The definitive biography of one of the 19th century’s greatest statesmen, encompassing his decades-long fight against slavery, his key role in the Union war effort, and his postwar struggle to bring racial justice to America.
Thaddeus Stevens was among the first to see the Civil War as an opportunity for a second American revolution—a chance to remake the country as a true multiracial democracy. One of the foremost abolitionists in Congress in the years leading up to the war, he was a leader of the young Republican Party’s radical wing, fighting for anti-slavery and anti-racist policies long before party colleagues like Abraham Lincoln endorsed them. It was he, for instance, who urged Lincoln early on to free those enslaved throughout the US and to welcome black men into the Union’s armies.

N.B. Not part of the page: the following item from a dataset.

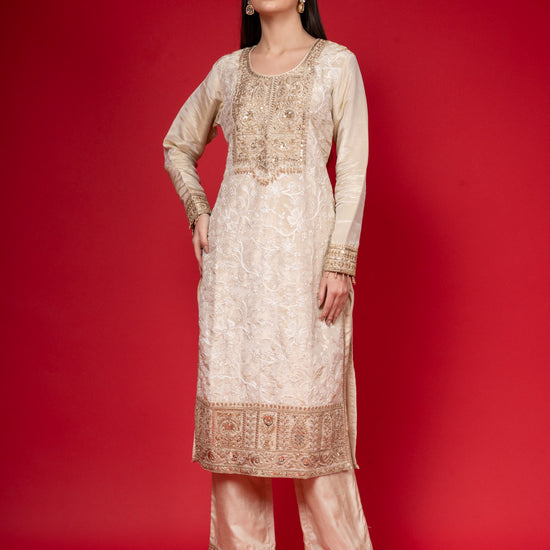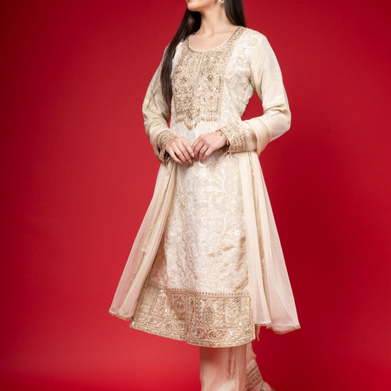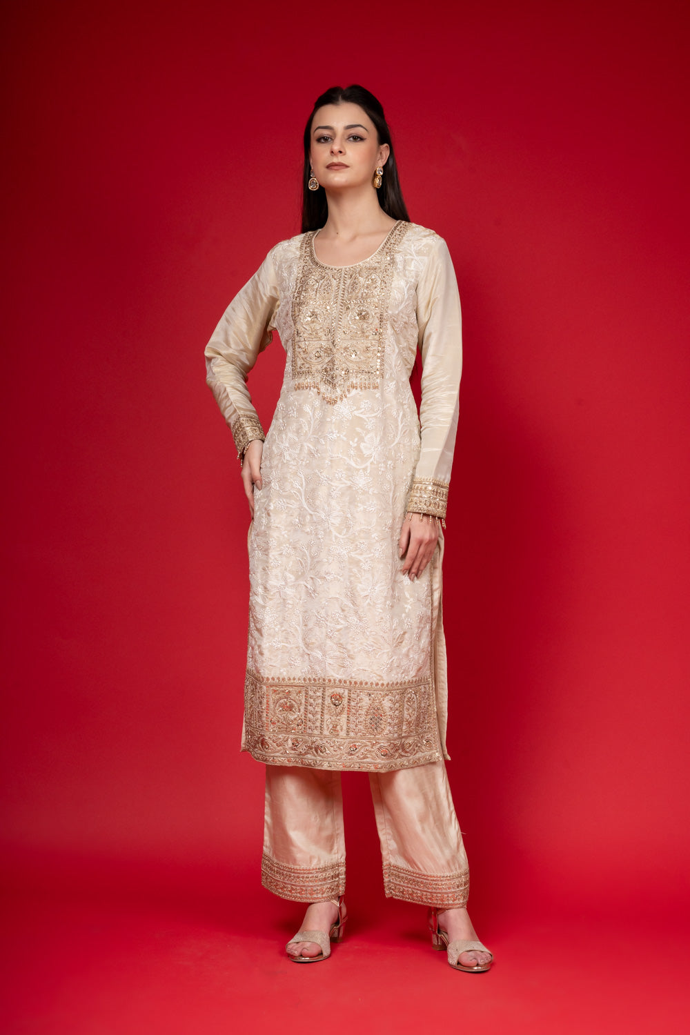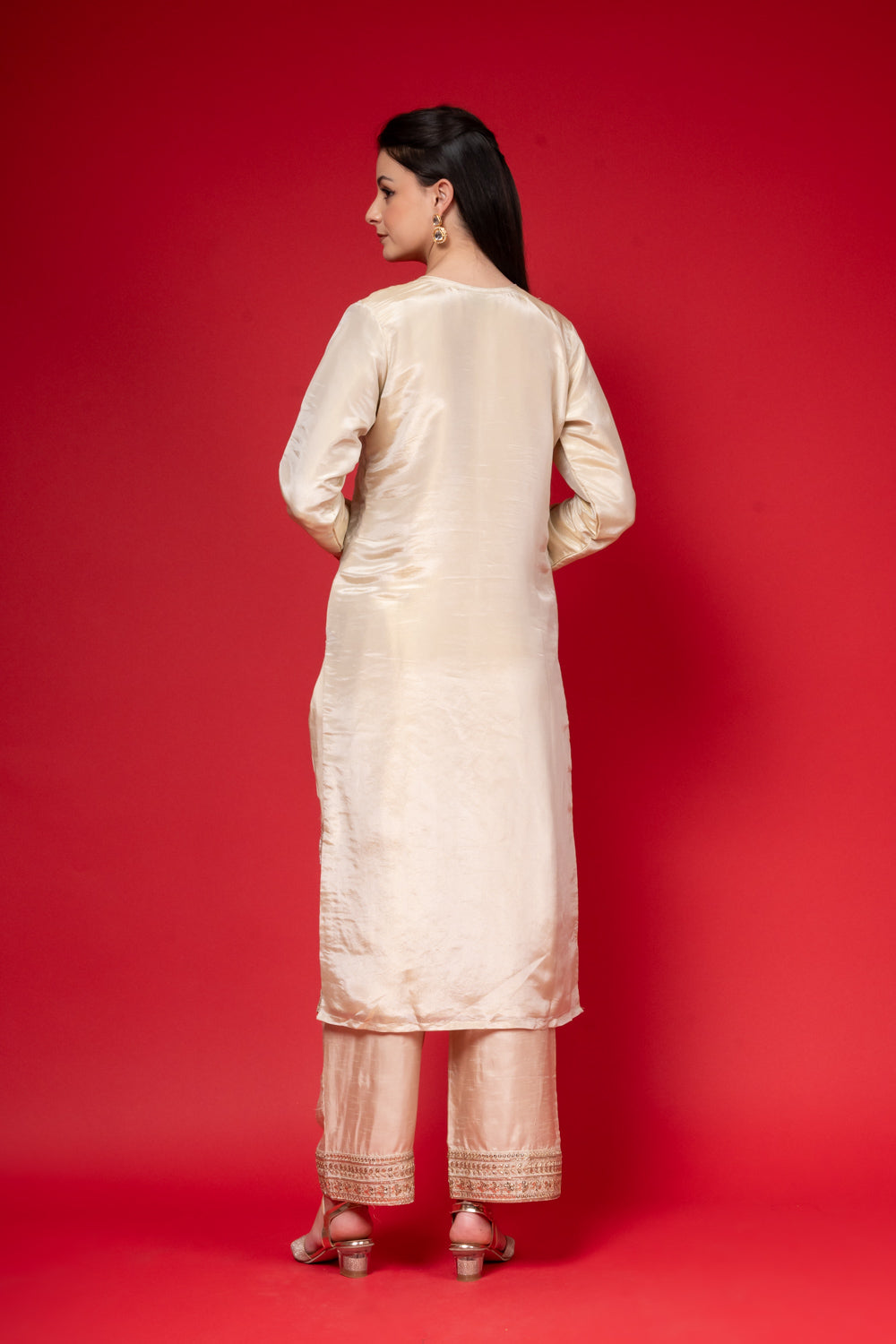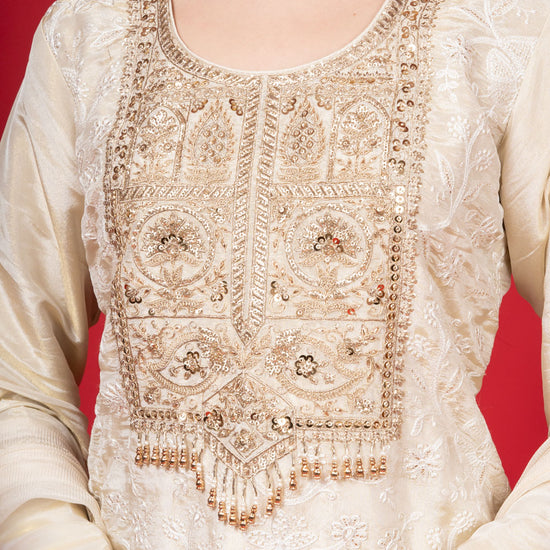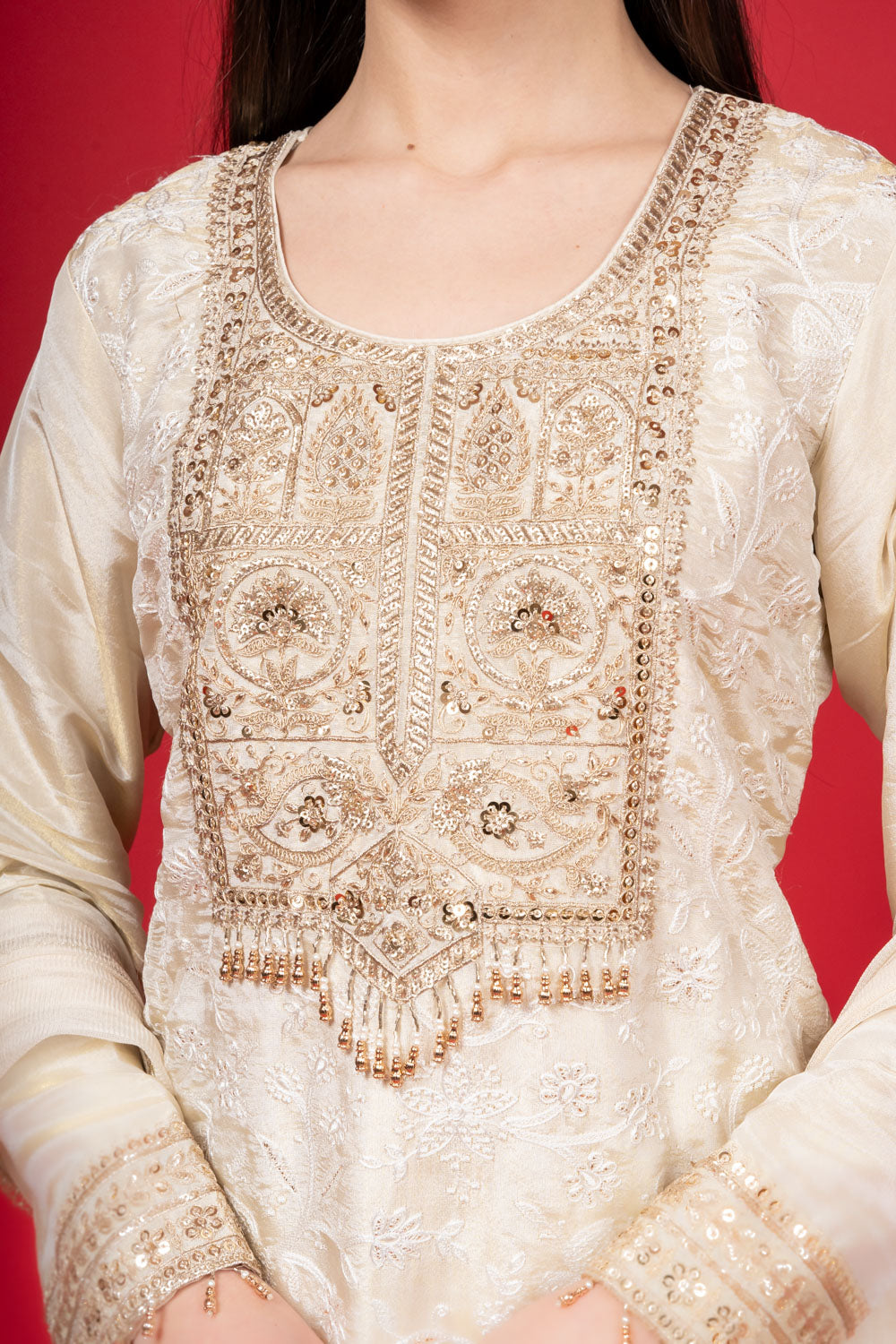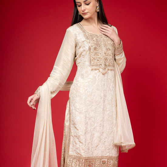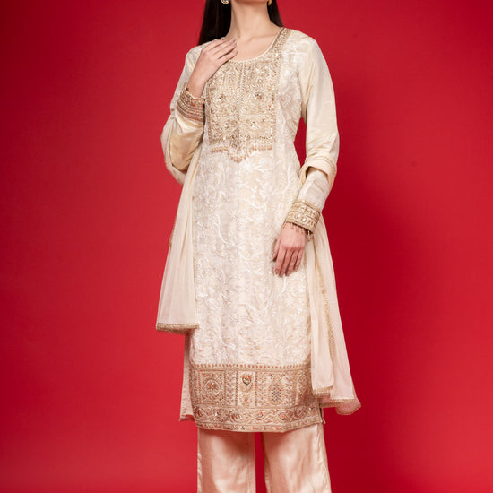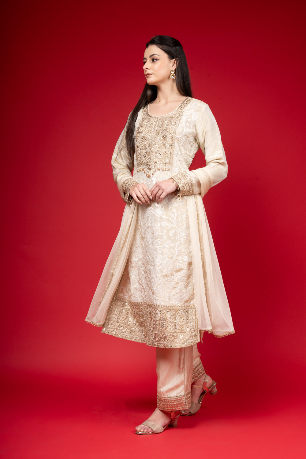 Panna Off White Tissue Readymade Suit And Pant With Net Dupatta

During the Reconstruction era following the Civil War, Stevens demanded equal civil and political rights for black Americans, rights eventually embodied in the 14th and 15th amendments. But while Stevens in many ways pushed his party—and America—towards equality, he also championed ideas too radical for his fellow Congressmen ever to support, such as confiscating large slaveholders’ estates and dividing the land among those who had been enslaved.
In Thaddeus Stevens: Civil War Revolutionary, acclaimed historian Bruce Levine has written the definitive biography of one of the most visionary statesmen of the 19th century and a forgotten champion for racial justice in America.